So far away, yet right around the corner. It's only July, yet that's exactly how it seems when thinking about the upcoming school year. The summer might provide a time for some rest and relaxation, but it's also a time to make plans. And those plans are what might be the determining factor for whether you're going to have a relatively calm school year, or feel like you have to jump one hurdle after another.
- Determine, as the leaders of your household, and then as a family, the best way to spend your time. This means sitting down and discussing, before blindly following friends as they enroll children in one activity after another. You may need to consider finances, carpooling, conflicting activities, time necessary for homework, family time, and even time just to relax. Are there a certain number of times you want to be able to eat dinners with everyone in the family present? Are the activities really fulfilling the child's desires, the parents', or is it a matter of being afraid of being left out of a social circle? And will the children be equipped to manage homework as well as the extracurricular activity and additional school responsibilities?
What systems need to be organized at home? Is there a study area? If so, is it adequately equipped? Have responsibilities been established and evenly distributed, with age appropriateness given consideration? No one person can handle everything on his or her own, nor should this be the expectation. After all, a balanced family life is beneficial for everyone in the home. Teaching small skills all along, as children are growing up, establishes a pattern of shared responsibilities and reminds everyone that each person is expected to contribute to the well-being of the family. Is there a technology plan in place? Technology often plays a part in homework, but that does not include texting or social media while working on school assignments. And is there a cut-off time? It is proven that minimum amounts of sleep are essential for maximum output of each individual. Establish a cut-off time for technology, with charging stations in the parents' bedroom or a common area. That way children won't be tempted to use their phones or other technology into the wee hours of the night. Adults, as well, will have time to turn off the technology and give their brains a break from the constant input.While there's still a good amount of "down" time, write goals for the family, as well as having individuals write them for themselves.

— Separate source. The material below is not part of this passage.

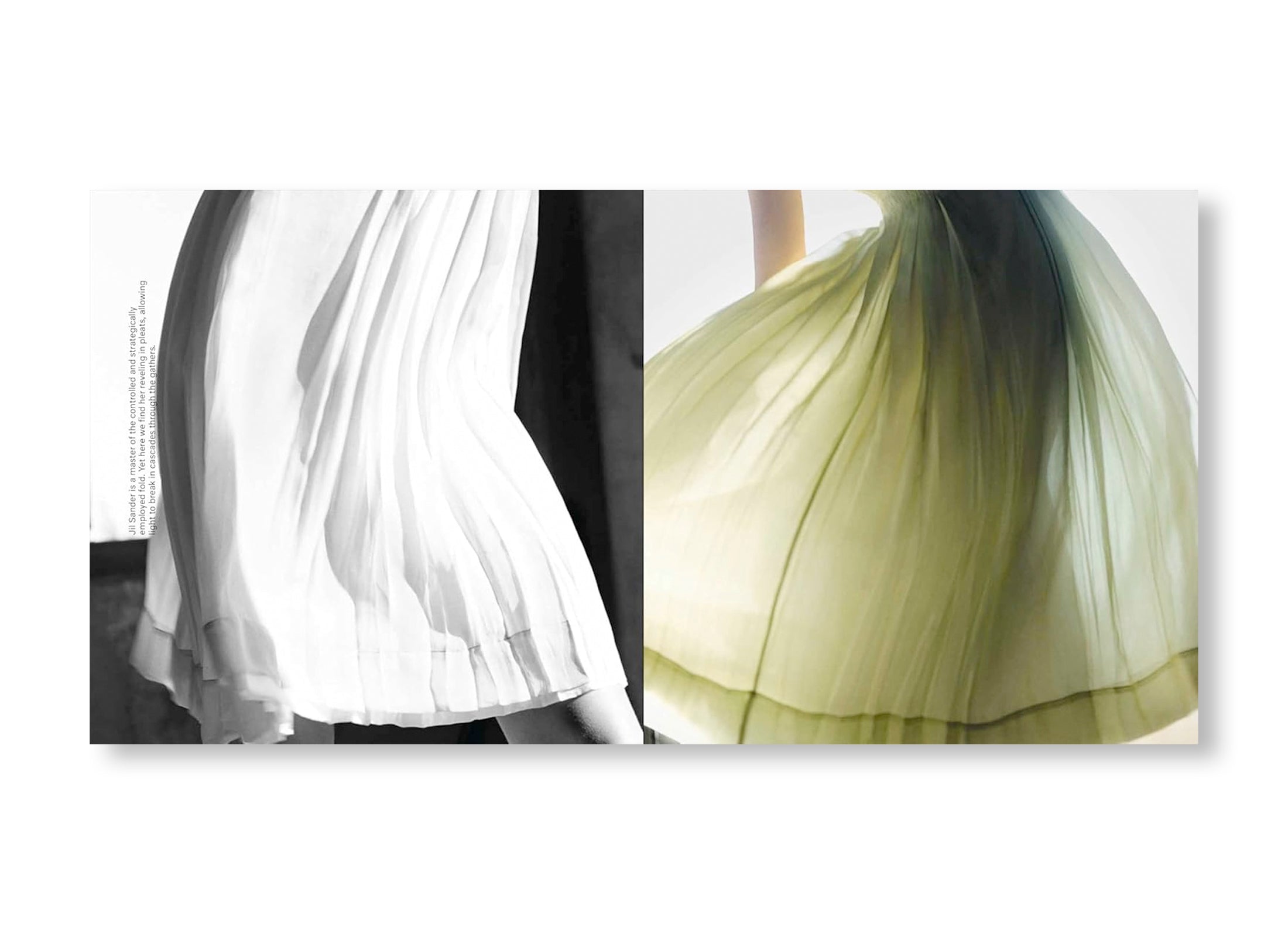 豊富なアーカイブ資料と、公に出ることを好まないことで知られる作者の人生を垣間見ることができる本書は、いかにして1960年代にそのキャリアをスタートし、流行に動じず差別のないデザイナーとしての地位を急速に確立したかも物語る。1980年代後半から1990年代にかけて、ようやく世界が「ジル サンダー」に追いついた時、その名はファッション界全体で最も尊ばれるもののひとつとなった。作者にとって核となる原則を守ることが自身のブランドで成功する鍵であった。本書では、化粧品の世界への進出や、後に「ユニクロ(UNIQLO)」とパートナーシップを結び特別ライン「プラスJ(+J)」を立ち上げたことなども紹介。さらに、さまざまな国で展開されている旗艦店の建造とインテリアデザインにおける一流建築家との協働にも焦点が当てられている。そのキャリアのあらゆる側面がこの魅力溢れる物語に織り込まれており、結果「ジル サンダー」の名がエレガントに表現され、誠実さと気骨、豪華なパッケージと時代を超越したストーリーが描かれている。
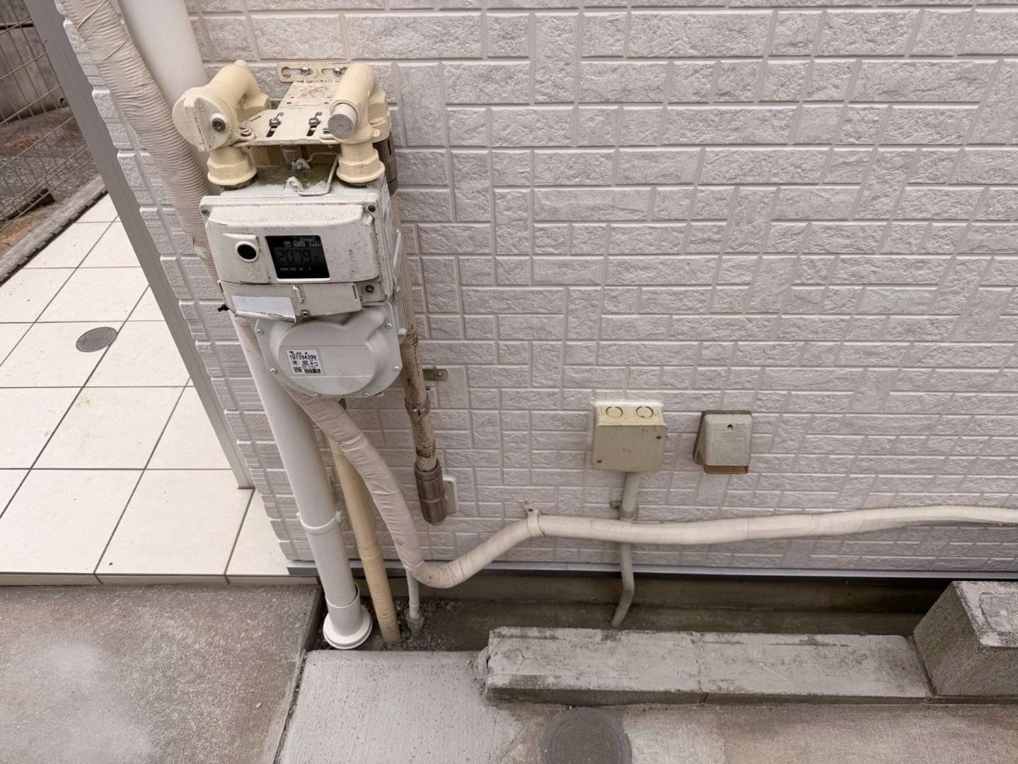 施工前の玄関周りの外壁は、長年の紫外線や雨風の影響により、以下のような劣化サインが見られました。

List ideas for how those goals might be met and find motivational quotes that speak to each member of the family, or the family as a whole. If there are pictures that match the quotes, put them together and post them around the house where they're sure to be seen. Quotes may be related to school achievement, athletics, social endeavors, working toward a health goal or anything else that's on your mind.
Remember, the quickest way to reach a goal is to start with the end in mind. Know where you're going, and work toward getting there.